Start of Raw data

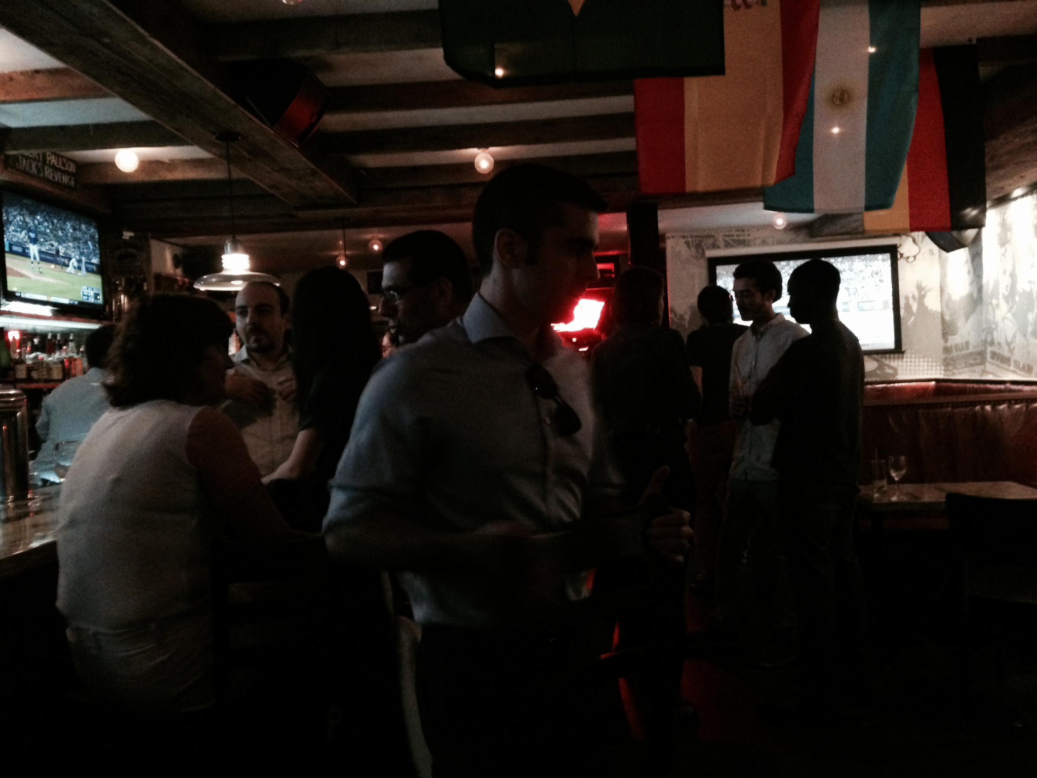 On Monday I attended my second French meetup since starting this blog. I met: a German radiologist, an Iranian realtor, a Parisian teacher/vintage clothing seller, a Lyonnaise digital marketer, a Chinese woman whose occupation I did not catch, and an American artist/art history professor. Quite an eclectic gathering. The flag garlands hanging from the ceiling for the World Cup heightened the international effect. (Hazy, nondescript proof of attendance above.)
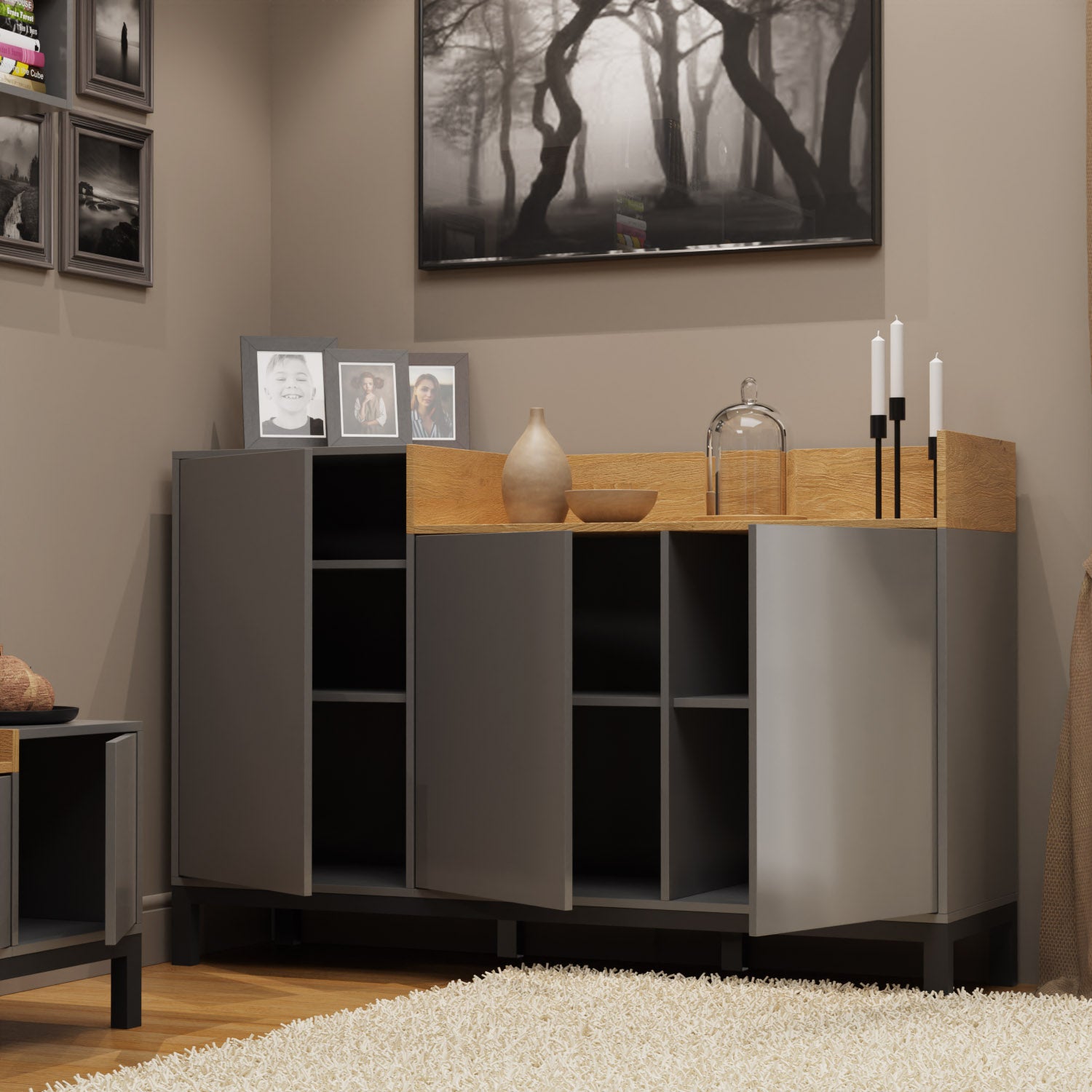 Μπουφές Beril, Ευρωπαϊκής Κατασκευής, εξαιρετικής ποιότητας και υψηλής αντοχής, σε ιδιαίτερο συνδυασμό χρωμάτων ανθρακί με χρυσό δρυς.
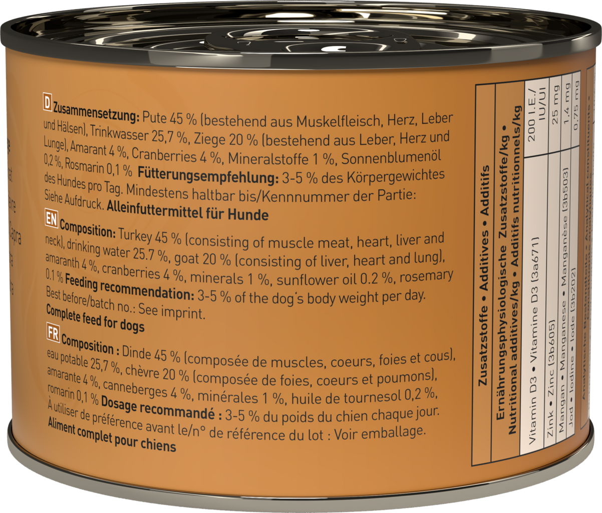 45 % dinde (muscle, cœur, foie, cou), 25,7 % eau , 20 % Ziege (foie, cœur, poumons), 4 % amarante, 4 % canneberges, 1 % Mineralstoffe, 0,2 % huile de tournesol, 0,1 % Rosmarin
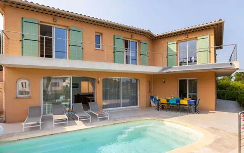 This impressive detached villa "Plein Sud" offers a luxurious vacation rental experience nestled in a residential district near Saint Aygulf, just 9 km from Fréjus, France. The property boasts a sprawling 1,700 m2 of fenced land with a stunning wildlife garden, providing a serene retreat. Enjoy the convenience of on-premises parking for two cars and a roofed area. The villa includes a swimming pool with a shutter cover and salt-electrolysis pool-cleaning system, perfect for refreshing dips during the seasonal availability from April 1st to October 30th. Indoors, you can unwind with a game of billiards on the provided table. With Internet WiFi, a yard, and parking facilities, this villa offers all the amenities for a comfortable stay.
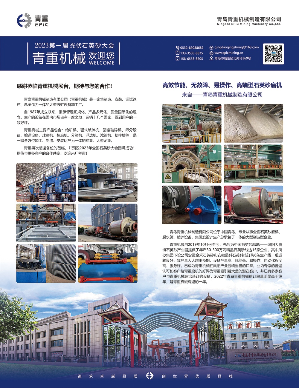 中國粉體網將于2023年4月21日在安徽鳳陽舉辦“第一屆光伏行業用石英砂技術與市場交流大會”,青重機械制造邀您一起參加。
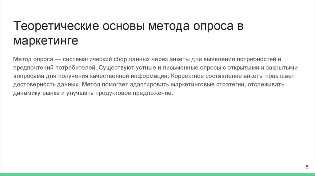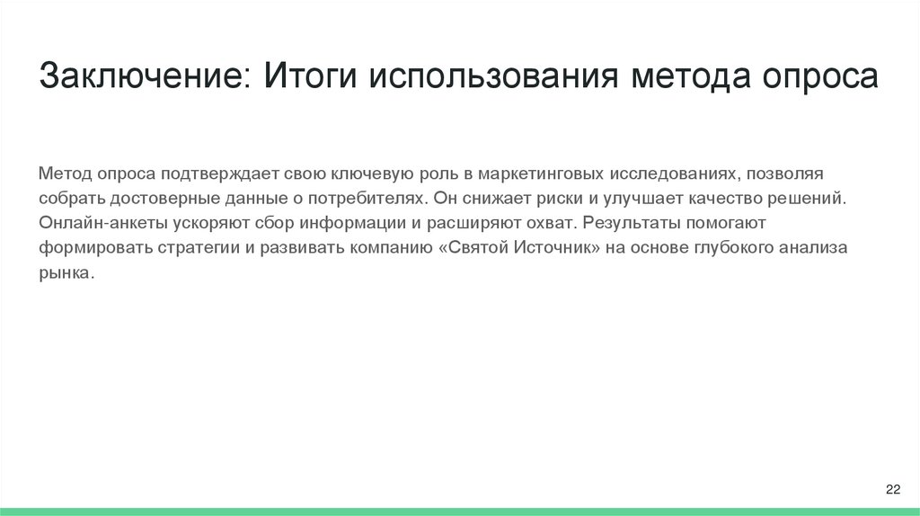 Заключение: Итоги использования метода опросаМетод опроса подтверждает свою ключевую роль в маркетинговых исследованиях, позволяя

End of Raw data

Please copy only the lines from the one that contains "This impressive detached" through the last line of the records, exactly, and keep every picture out of the copy.

 This impressive detached villa "Plein Sud" offers a luxurious vacation rental experience nestled in a residential district near Saint Aygulf, just 9 km from Fréjus, France. The property boasts a sprawling 1,700 m2 of fenced land with a stunning wildlife garden, providing a serene retreat. Enjoy the convenience of on-premises parking for two cars and a roofed area. The villa includes a swimming pool with a shutter cover and salt-electrolysis pool-cleaning system, perfect for refreshing dips during the seasonal availability from April 1st to October 30th. Indoors, you can unwind with a game of billiards on the provided table. With Internet WiFi, a yard, and parking facilities, this villa offers all the amenities for a comfortable stay.
 中國粉體網將于2023年4月21日在安徽鳳陽舉辦“第一屆光伏行業用石英砂技術與市場交流大會”,青重機械制造邀您一起參加。
 Заключение: Итоги использования метода опросаМетод опроса подтверждает свою ключевую роль в маркетинговых исследованиях, позволяя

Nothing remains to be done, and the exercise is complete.